A run book for every way to drive the simulator. Configuration layout (catalog, scenes, blueprints): CATALOG_AND_PHYSICS. Legacy simconfig notes: SIM_CONFIG_ARCH. This page is how to execute.

0. Install

pip install .            # Python API (scikit-build-core builds the vdsim extension)
# or full C++ tree:
cmake -G Ninja -B build -DVDSIM_BUILD_PYTHON=ON && cmake --build build -j

1. Author the configs (web tool)

python3 builder/server.py --port 8200          # http://<host>:8200
Tabs save validated YAML: Vehicle → catalog parts / blueprints (or legacy experiment vehicle YAML), Sensors (suite) → configs/sensors/, Map (driving line + surface) → configs/maps/, Comms (data routing) → configs/comms/, Scenario (composes all + run mode) → configs/experiments/. (See builder/README.)

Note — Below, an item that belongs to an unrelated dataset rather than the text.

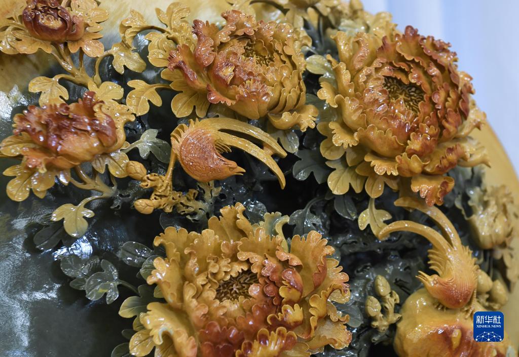 这是10月25日拍摄的柳新祥端砚作品绿端“国色天香砚”的局部。

2. Run an experiment — four modes (same scenario)

A. Embedded API (synchronous, no network) — for experiment code & notebooks

import sys; sys.path.insert(0, "python")
from vdsim_lab import Simulation
sim = Simulation("yongin_lap")                 # configs/experiments/yongin_lap.yaml
while not sim.done():
    sim.set_control(steer=.., throttle=.., brake=..)   # omit -> scenario autopilot
    sim.step()
    gnss = sim.get_data("gnss")                # per-sensor measurement
    gt   = sim.state()                         # ground truth (x,y,vx,Fz,slip,…)
Or assemble inline with the fluent builders and collect a time-series:
from vdsim_lab import Experiment, Vehicle, Road, Maneuver, Sensors
res = (Experiment(level="L3").vehicle(Vehicle.preset("sedan"))
       .road(Road.preset("belgian_pave")).maneuver(Maneuver.step_steer(v=20, steer=.03))
       .sensors(Sensors().gnss().imu()).run(8.0))
res.to_csv("run.csv"); print(res.summary())

B. Real-time comms (UDP; SIL/HIL nodes in the loop)

The C++ vdsim_realtime is the single comms layer: it runs a real-time SimSession, receives CMD packets on one port, and emits STATE on another. The wire format is the canonical VDS1 binary protocol (cosim/cosim_protocol.hpp, CRC32, 76B CMD / 220B STATE).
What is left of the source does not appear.